Thanks for your input and engaging in this discussion!

On Apr 12, 2008, at 04:36, Ralf Nieuwenhuijsen wrote:
Hi,

I've joined this mailing-list, because i wanted to reply to this discussion
specifically.
I was hoping you could clear a number of things up for me.

1. Why make compacting the default? Isn't more likely that in this day &
age, most will prefer revisions for all data?

Because the storage system is pretty wasteful and you'd end up with several Gigabytes of database files for just a few hundred Megabytes of actual data. So we do need compaction in one form or another. A compaction that retains revisions is a lot harder to write. Also, dealing with revisions in a distributed setup is less than trivial and would complicate the replication system quite a bit.


2. Compacting seems like very specific behavior, wouldn't a built-in
cron-like system be much more generic? It could allow for all kinds of
background proccessing, like replication, fulltext-search using javascript,
compacting, searching-for-dead-urls, etc.
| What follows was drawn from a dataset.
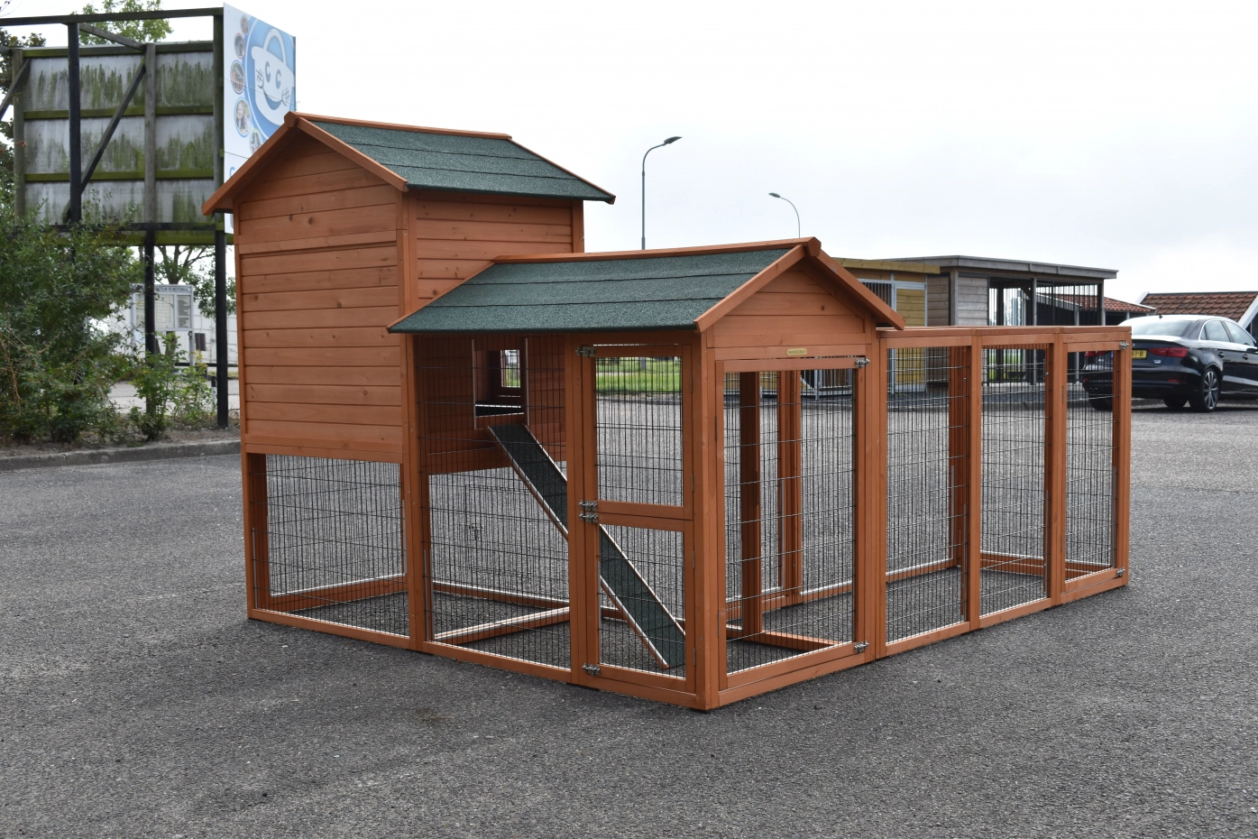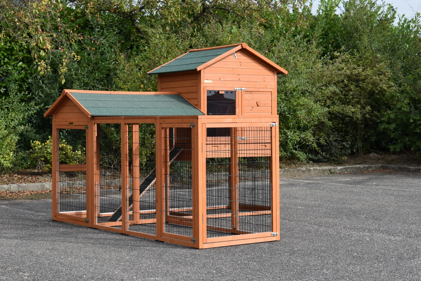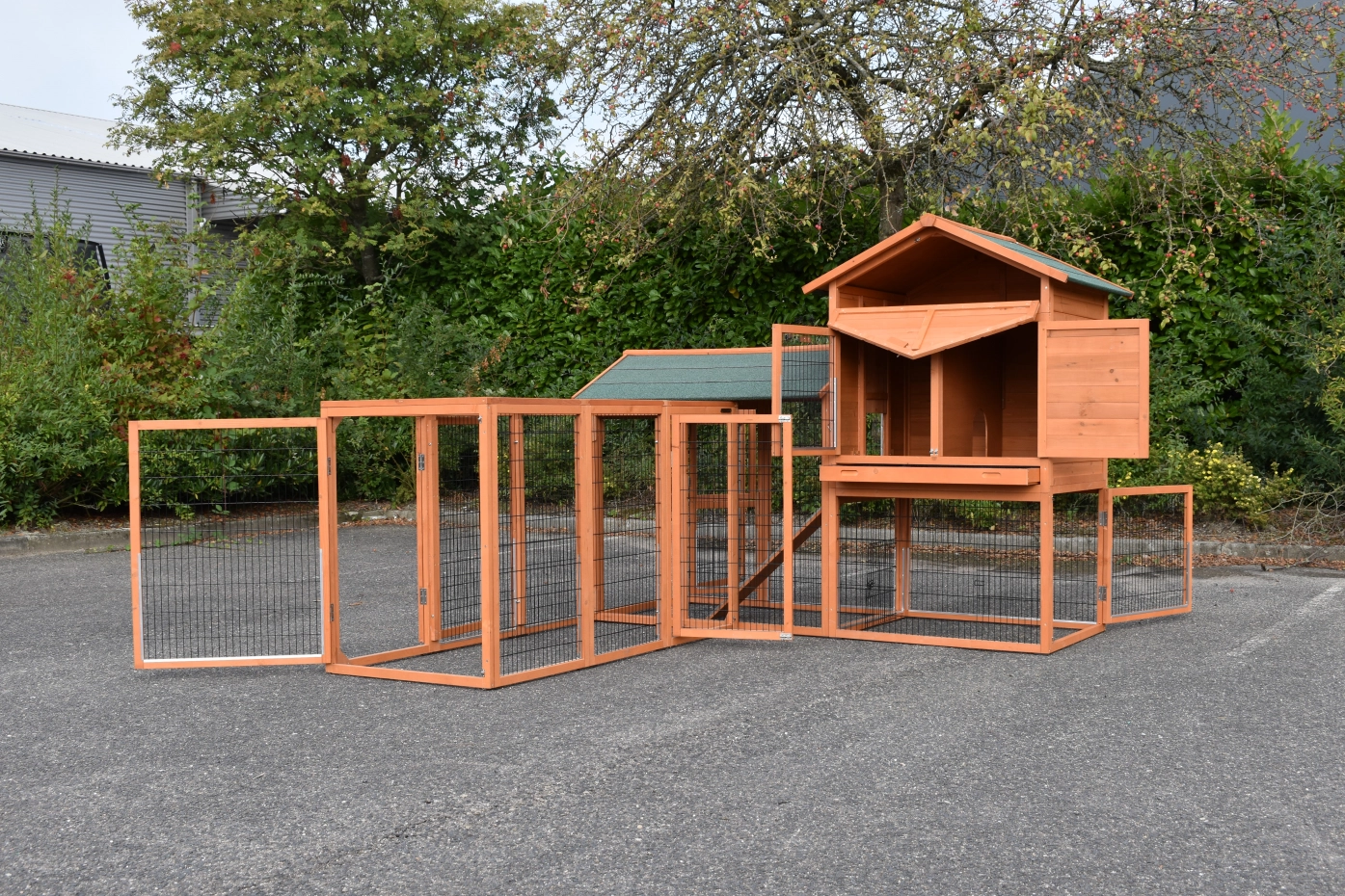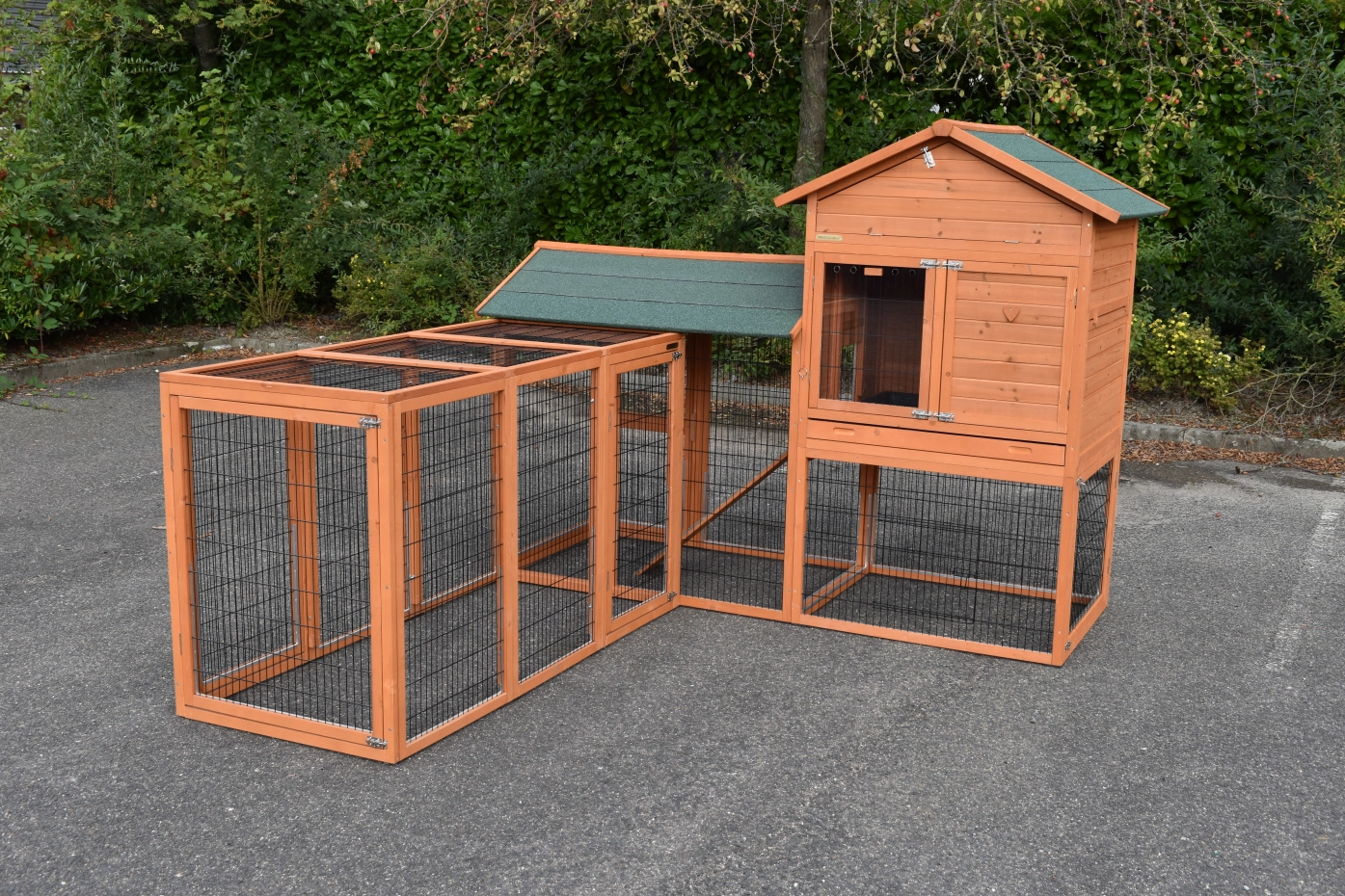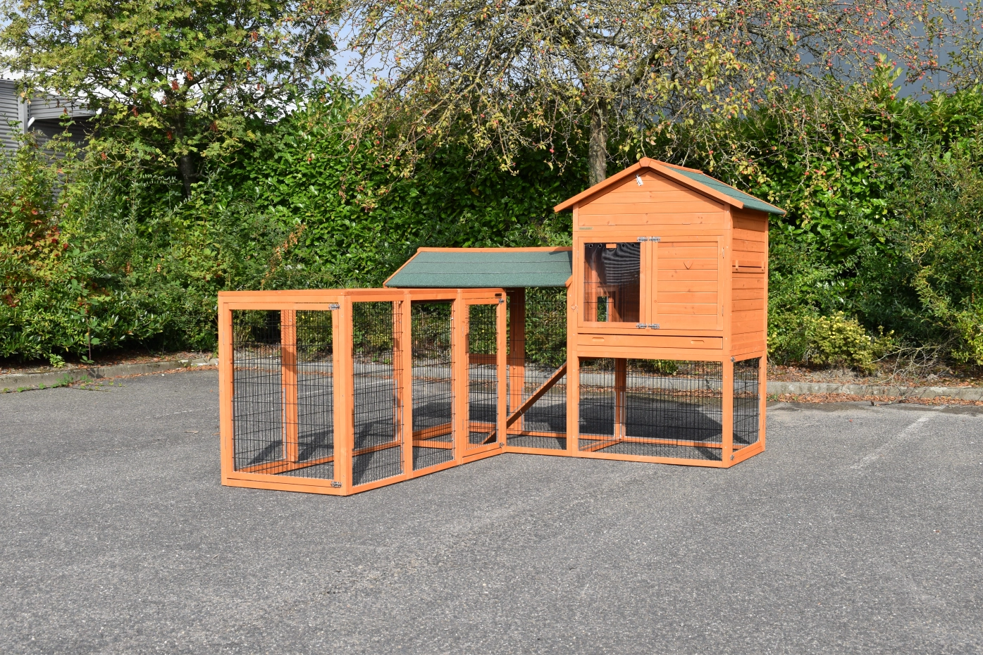 Le clapier pour lapin Prestige Large est équipée avec 2 enclos, quelques ont placée dans un unité d'angle. Un bel clapier, approprié pour 2 à 4 lapins.

Compacting is a manual process at the moment. If we would introduce a scheduling mechanism, it would certainly be more general purpose and you could hook in al sorts of operations, including compaction.


3. Is support for some sort of reduce behavior, as part of the views,
planned and ifso, what can we expect?

See http://damienkatz.net/2008/02/incremental_map.html
and http://damienkatz.net/2008/02/incremental_map_1.html


4. What is the default conflict behavor? Most recent version wins?

There's no 'recent' in a distributed system. At the moment, the revision with the most changes wins, if I remember correctly.


5. Is it possible to merge on conflicts, or ifnot, how could attachments possible properly model revisions. Wouldn't we loose a whole revision tree?

You don't merge, at least at the moment, but declare one revision to be the winner when resolving the conflict. Since this is a manual process, you can make sure you don't lose revision trees. Merge might be in at some point, but no thoughts (at least public) went into that.


6. Without merging, we need to store revisions in seperate documents,
thereby prohibiting usefull doc-is for documents under revision.

I don't understand what you mean here :) What is 'doc-is' in this context?


7. What added benefit do manual revisisons have when we can just store extra
revision data to each document anyway?
I'm quite sure my understanding of CouchDB can be lacking. But to me it
seems like garantueed revisisions are the killer feature.

The revisions are not, at least at this point, meant to implement revision control systems, they rather exists for the optimistic concurrency control that allows any number of parallel readers while serialised writes are happening and to power replication.


The alternative of a cron-like system, could work much like the
view-documents. These documents could contain a source url (possibly local), a schedule-parameter and a function that maps a document to an array of documents that is treated as a batch-put. This way we could easily setup replication, but also all kinds of delayed and/or scheduled proccessing of
data.

Indeed. No planning went into such a thing at the moment. You might want to open a feature request at https://issues.apache.org/jira/browse/COUCHDB or come up with a patch.


Likewise, being able to define a conflict function that could merge data or
decide who wins, seems like a much better alternative to the 'atomic'
batch-put-operations, that break down when distributed. (thereby no longer
garantueeing the scalability; another killer-feature).

Conflict resolution and merge functions do sound interesting, I don't understand the "not guaranteeing scalability" remark though. In the current implementation, this feature actually makes CouchDB scalable by ensuring, that all node participating in a cluster eventually end up with the same data. If you really do need two-phase-commit (if I understand correctly, you want that), that would need to be part of your application or a intermediate storage layer.